Insbesondere begründet im vorliegenden Fall der Bezug von Leistungen nach dem Asylbewerberleistungsgesetz auch nach Maßgabe der individuellen Umstände, die für die Lage der Kläger kennzeichnend sind (vgl. EuGH, U.v. 19.9.2013 – C-140/12, Brey – juris Rn. 64), eine unangemessene Inanspruchnahme von Sozialhilfeleistungen im Sinne der Rechtsprechung des Europäischen Gerichtshofs. Die Kläger beziehen nach Aktenlage seit Einreise ins Bundesgebiet bzw. seit Geburt Leistungen nach dem Asylbewerberleistungsgesetz, ohne dass eine eigenständige Existenzsicherung auch nur absehbar wäre; von lediglich „vor-übergehenden Schwierigkeiten“ kann keine Rede sein. Bezüglich der angeblichen – nach dem Vorbringen der Klägerin zu 1 ohnehin allenfalls sporadischen und geringfügigen – Unterhaltsleistungen des Vaters des Klägers zu 2 liegen, worauf das Verwaltungsgericht zu Recht hingewiesen hat, keinerlei Belege vor. Auch würde es eine unangemessene Belastung für das nationale Sozialhilfesystem in seiner Gesamtheit bedeuten, wenn es gleichermaßen für sämtliche Unionsbürger in der Lage der Kläger geöffnet und damit faktisch so etwas wie eine „Sozialleistungsfreizügigkeit“ begründet würde (vgl. BayVGH, B.v. 16.10.2017 – 19 C 16.1719 – juris Rn. 21; OVG RhPf, B.v. 20.9.2016 – 7 B 10406/16 – juris Rn. 46). Nach der Rechtsprechung des Europäischen Gerichtshofs soll Art. 7 Abs. 1 Buchst. b der Richtlinie 2004/38/EG nicht erwerbstätige Unionsbürger gerade daran hindern, das System der sozialen Sicherheit des Aufnahmemitgliedstaats zur Bestreitung ihres Lebensunterhalts in Anspruch zu nehmen (vgl. EuGH, U.v. 11.11.2014 – C-333/13, Dano – juris, Rn. 76). Die Notwendigkeit, die Finanzen des Aufnahmemitgliedstaats zu schützen, reicht grundsätzlich aus, um die Möglichkeit zu rechtfertigen, zum Zeitpunkt der Gewährung einer Sozialleistung insbesondere an Personen anderer Mitgliedstaaten, die wirtschaftlich nicht aktiv sind, eine Prüfung der Rechtmäßigkeit des Aufenthalts durchzuführen, da diese Gewährung geeignet ist, sich auf das gesamte Niveau der Beihilfe auszuwirken, die dieser Staat gewähren kann (vgl. EuGH, U.v. 14.6.2016 – C-308/14, Kommission/Vereinigtes Königreich – juris Rn. 80 m.w.N.).

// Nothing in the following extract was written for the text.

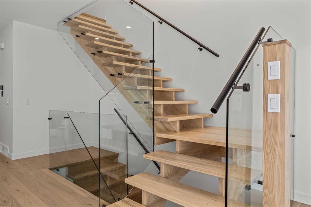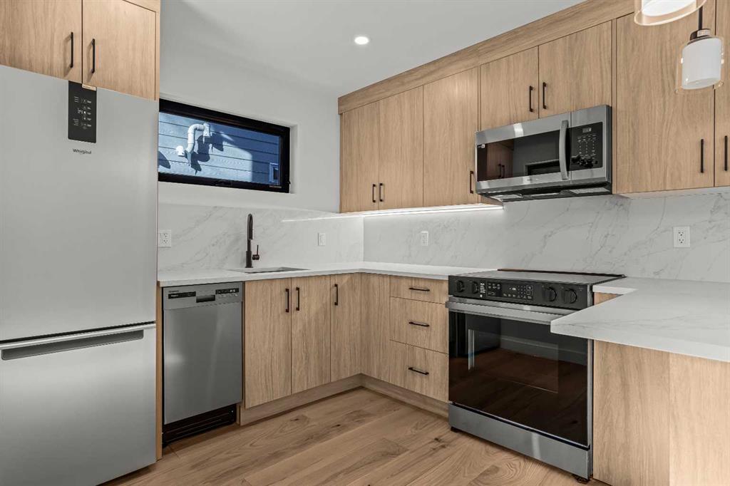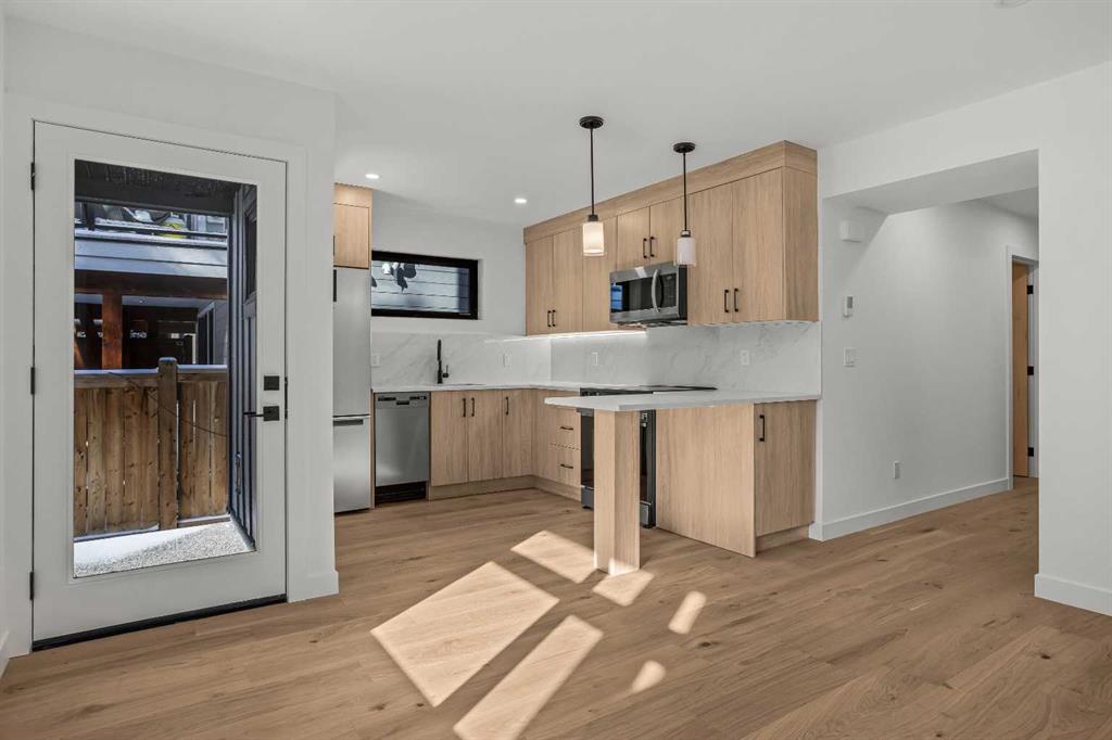 Experience modern mountain living in this brand new stunning 5-bedroom, 5-bathroom duplex, perfectly situated in the heart of South Canmore. Built by the renowned Lakusta Homes, this architectural gem features a sleek shed roof design and a thoughtfully crafted floor plan, offering both style and functionality. With a legal suite featuring a private entrance, it’s ideal for generating rental income or accommodating extended family. The heated double car garage provides convenience and comfort, especially during chilly mountain mornings. Designed for easy accessibility, the main floor offers one-level living, while the south-facing orientation ensures year-round natural light and breathtaking mountain views. Located just steps from the Bow River and scenic walking trails, this exceptional home combines modern design with mountain charm, offering the perfect retreat in one of Canmore’s most desirable neighborhoods.

Da die Kläger nicht über ausreichende Existenzmittel im Sinn des § 4 Satz 1 FreizügG/EU verfügen, kann dahingestellt bleiben, ob sie (mittlerweile) ausreichenden Krankenversicherungsschutz besitzen; die Beiträge zur Krankenversicherung werden im Übrigen nach Angaben des Beklagten durch das Asylmanagement des zuständigen Landratsamtes entrichtet (vgl. § 4 AsylbLG; zu den entsprechenden Vereinbarungen mit den Krankenkassen siehe Treichel in Ehmann/Karmanski/ Kuhn-Zuber, Gesamtkommentar Sozialrechtsberatung, 2. Aufl. 2018, § 4 AsylbLG Rn. 22), weshalb es sich insoweit ebenfalls um eine Sozialhilfeleistung handelt.
Die Kostenentscheidung folgt aus § 154 Abs. 2 VwGO.
Die Streitwertfestsetzung beruht auf § 63 Abs. 2 Satz 1, § 39 Abs. 1, § 47 Abs. 1 und 3 und § 52 Abs. 2 GKG.
Der Antrag auf Prozesskostenhilfe für das Zulassungsverfahren war abzulehnen, weil der Antrag auf Zulassung der Berufung aus den dargelegten Gründen keine hinreichenden Erfolgsaussichten hat (§ 166 Abs. 1 Satz 1 VwGO i.V.m. § 114 Abs. 1 Satz 1 ZPO).
Dieser Beschluss ist unanfechtbar (§ 152 Abs. 1 VwGO). Mit der Ablehnung des Antrags auf Zulassung der Berufung wird die Entscheidung des Verwaltungsgerichts rechtskräftig (§ 124a Abs. 5 Satz 4 VwGO).